This morning I deleted chapter 4. Selected the whole damn thing and zapped it. The old chapter 5 is the new chapter 4. Viva chapter 4!
When reading through the printout of draft #2, I couldn’t help noticing that chapter 3 segued nicely into chapter 5 and chapter 4 felt like an extended detour. At present Wolfie has two point-of-view (POV) characters. Chapters 3 and 5 were from the POV of the 50-something woman. Chapter 4 was from the POV of the sixth-grade girl.
When the timing is right, the POV switch works. The idea is to switch just when the reader wants to know what the other character is up to. This time it was more like a TV thriller cutting to a commercial in the middle of a high-intensity scene.
Another thing: When I wrote draft 2, chapter 4, I wasn’t a big fan of Felicia, the sixth-grader’s mother. Dead giveaway: The woman won’t use linguiça in her kale soup because she thinks it’s unhealthy. In my world that’s a deal-breaker. But Felicia has become deeper, more sympathetic.
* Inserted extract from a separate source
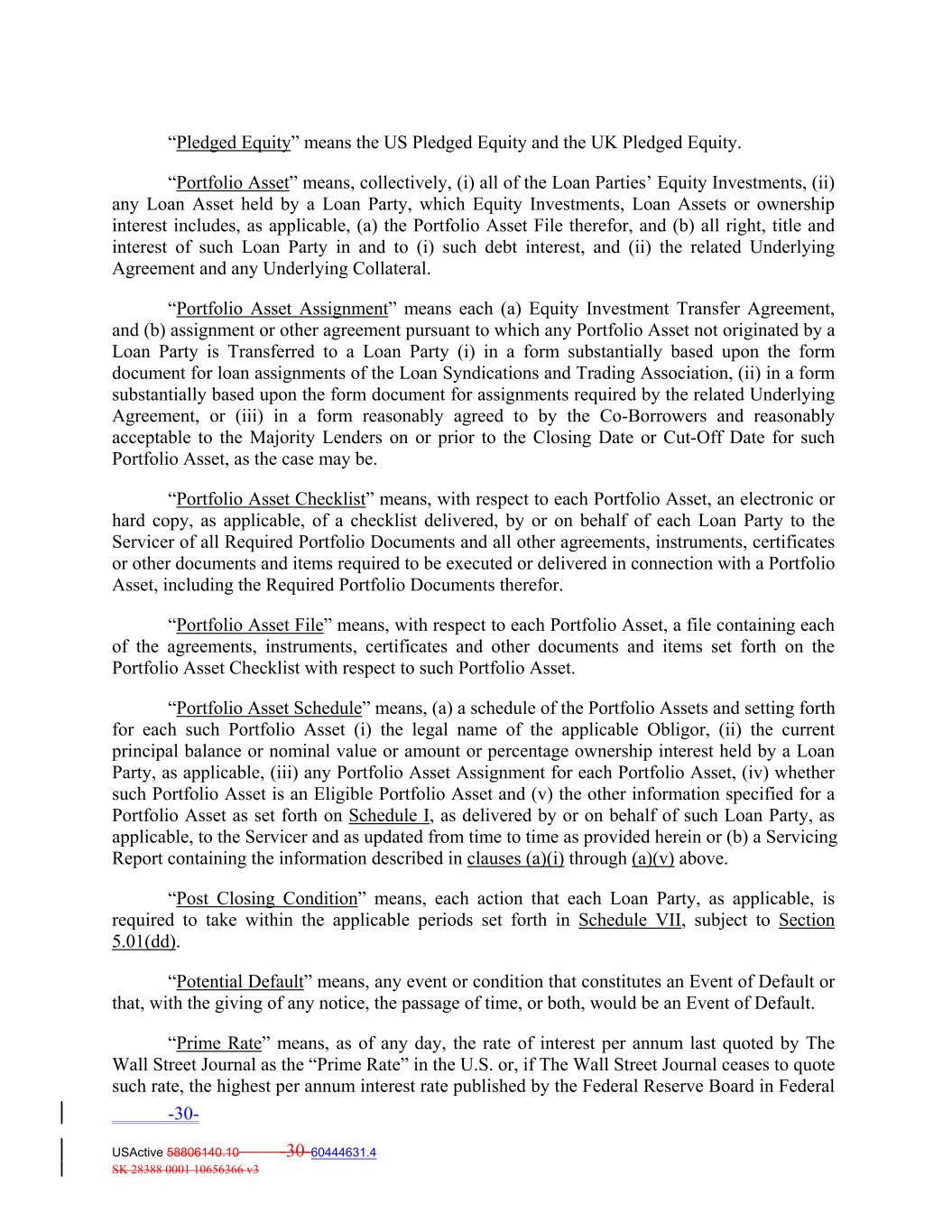 “Pledged Equity” means the US Pledged Equity and the UK Pledged Equity. “Portfolio Asset” means, collectively, (i) all of the Loan Parties’ Equity Investments, (ii) any Loan Asset held by a Loan Party, which Equity Investments, Loan Assets or ownership interest includes, as applicable, (a) the Portfolio Asset File therefor, and (b) all right, title and interest of such Loan Party in and to (i) such debt interest, and (ii) the related Underlying Agreement and any Underlying Collateral. “Portfolio Asset Assignment” means each (a) Equity Investment Transfer Agreement, and (b) assignment or other agreement pursuant to which any Portfolio Asset not originated by a Loan Party is Transferred to a Loan Party (i) in a form substantially based upon the form document for loan assignments of the Loan Syndications and Trading Association, (ii) in a form substantially based upon the form document for assignments required by the related Underlying Agreement, or (iii) in a form reasonably agreed to by the Co‐Borrowers and reasonably acceptable to the Majority Lenders on or prior to the Closing Date or Cut‐Off Date for such Portfolio Asset, as the case may be. “Portfolio Asset Checklist” means, with respect to each Portfolio Asset, an electronic or hard copy, as applicable, of a checklist delivered, by or on behalf of each Loan Party to the Servicer of all Required Portfolio Documents and all other agreements, instruments, certificates or other documents and items required to be executed or delivered in connection with a Portfolio Asset, including the Required Portfolio Documents therefor. “Portfolio Asset File” means, with respect to each Portfolio Asset, a file containing each of the agreements, instruments, certificates and other documents and items set forth on the Portfolio Asset Checklist with respect to such Portfolio Asset. “Portfolio Asset Schedule” means, (a) a schedule of the Portfolio Assets and setting forth for each such Portfolio Asset (i) the legal name of the applicable Obligor, (ii) the current principal balance or nominal value or amount or percentage ownership interest held by a Loan Party, as applicable, (iii) any Portfolio Asset Assignment for each Portfolio Asset, (iv) whether such Portfolio Asset is an Eligible Portfolio Asset and (v) the other information specified for a Portfolio Asset as set forth on Schedule I, as delivered by or on behalf of such Loan Party, as applicable, to the Servicer and as updated from time to time as provided herein or (b) a Servicing Report containing the information described in clauses (a)(i) through (a)(v) above. “Post Closing Condition” means, each action that each Loan Party, as applicable, is required to take within the applicable periods set forth in Schedule VII, subject to Section 5.01(dd). “Potential Default” means, any event or condition that constitutes an Event of Default or that, with the giving of any notice, the passage of time, or both, would be an Event of Default. “Prime Rate” means, as of any day, the rate of interest per annum last quoted by The Wall Street Journal as the “Prime Rate” in the U.S. or, if The Wall Street Journal ceases to quote such rate, the highest per annum interest rate published by the Federal Reserve Board in Federal -30- USActive 58806140.10 -30-60444631.4 SK 28388 0001 10656366 v3

She’s caught in the middle of a difficult situation, but she seems to be on her daughter’s side. So I was more than ready to jettison all evidence that I was underestimating Felicia.
So I did. I jettisoned the whole chapter.
However, I’ve got a safety net: If at some point I have regrets, or a vague hunch that there’s something in old chapter 4 that might come in handy, draft 2 remains on my hard drive, and it includes old chapter 4.
If experience is any guide, I won’t go back, but knowing that I can gives me permission to be ruthless. When revising, sometimes you really do have to be ruthless.

A bit of Wolfie, draft 2, chapter 1, with changes tracked
Recently I introduced a client to the wonders of Microsoft Word’s Track Changes feature. Like many Word users, she wasn’t aware of its wonders. (As a longtime user of Word, I sometimes become so obsessed with its PITAs that I forget how wonderful its wonders are.) With Track Changes you can delete a word, a phrase, a sentence, a whole paragraph and see how your text reads without it. You can flip back and forth between with and without, or leave it to deal with some other time.
You can experiment. You can play with your prose. If ruthlessness is sometimes called for when you’re revising, so is playfulness. Revision is creative work. Don’t let anyone tell you different. Be ruthless. Be playful. Be brave. You can always go back to an earlier version, but if you’re anything like me you usually won’t want to.